## THE DATA
◇ ◇ ◇ ◇ ◇ ◇ ◇
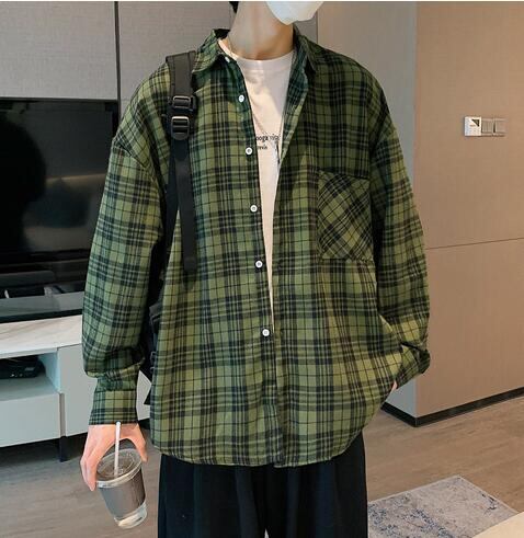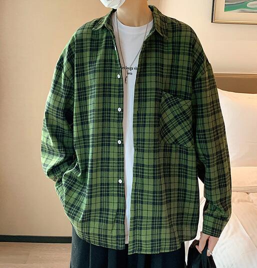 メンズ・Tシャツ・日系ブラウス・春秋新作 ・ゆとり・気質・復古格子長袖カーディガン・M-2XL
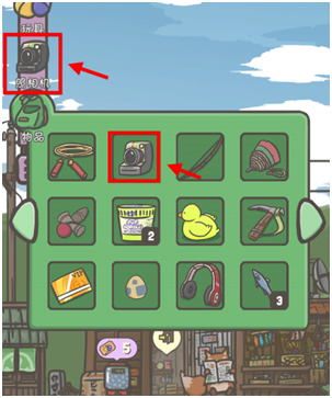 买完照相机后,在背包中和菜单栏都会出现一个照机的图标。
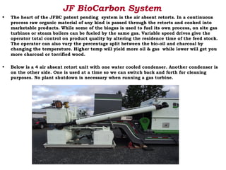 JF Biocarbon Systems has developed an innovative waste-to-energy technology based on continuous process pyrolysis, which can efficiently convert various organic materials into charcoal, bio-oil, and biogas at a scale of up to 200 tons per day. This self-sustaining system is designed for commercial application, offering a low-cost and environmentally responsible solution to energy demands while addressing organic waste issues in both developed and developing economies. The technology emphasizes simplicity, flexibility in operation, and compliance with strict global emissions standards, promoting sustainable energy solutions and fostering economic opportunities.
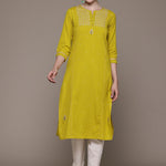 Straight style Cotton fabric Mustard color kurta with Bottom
◇ ◇ ◇ ◇ ◇ ◇ ◇
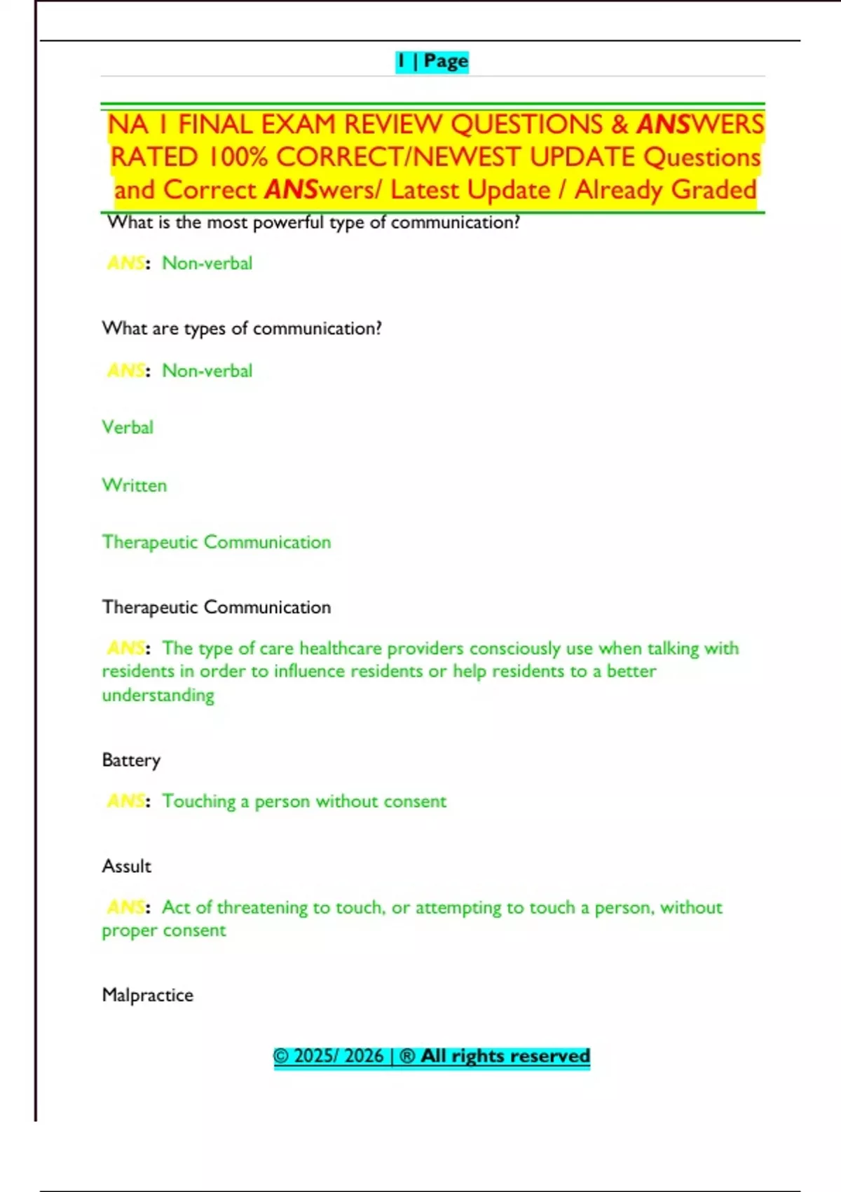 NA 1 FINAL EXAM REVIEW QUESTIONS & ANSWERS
◇ ◇ ◇ ◇ ◇ ◇ ◇
Copy only these lines from the records above, exactly: the one with "买完照相机后,在背包中和菜单栏都会出现一个照机的图标。", the one with "Straight style Cotton", and those between. Skip the pictures.

 买完照相机后,在背包中和菜单栏都会出现一个照机的图标。
 JF Biocarbon Systems has developed an innovative waste-to-energy technology based on continuous process pyrolysis, which can efficiently convert various organic materials into charcoal, bio-oil, and biogas at a scale of up to 200 tons per day. This self-sustaining system is designed for commercial application, offering a low-cost and environmentally responsible solution to energy demands while addressing organic waste issues in both developed and developing economies. The technology emphasizes simplicity, flexibility in operation, and compliance with strict global emissions standards, promoting sustainable energy solutions and fostering economic opportunities.
 Straight style Cotton fabric Mustard color kurta with Bottom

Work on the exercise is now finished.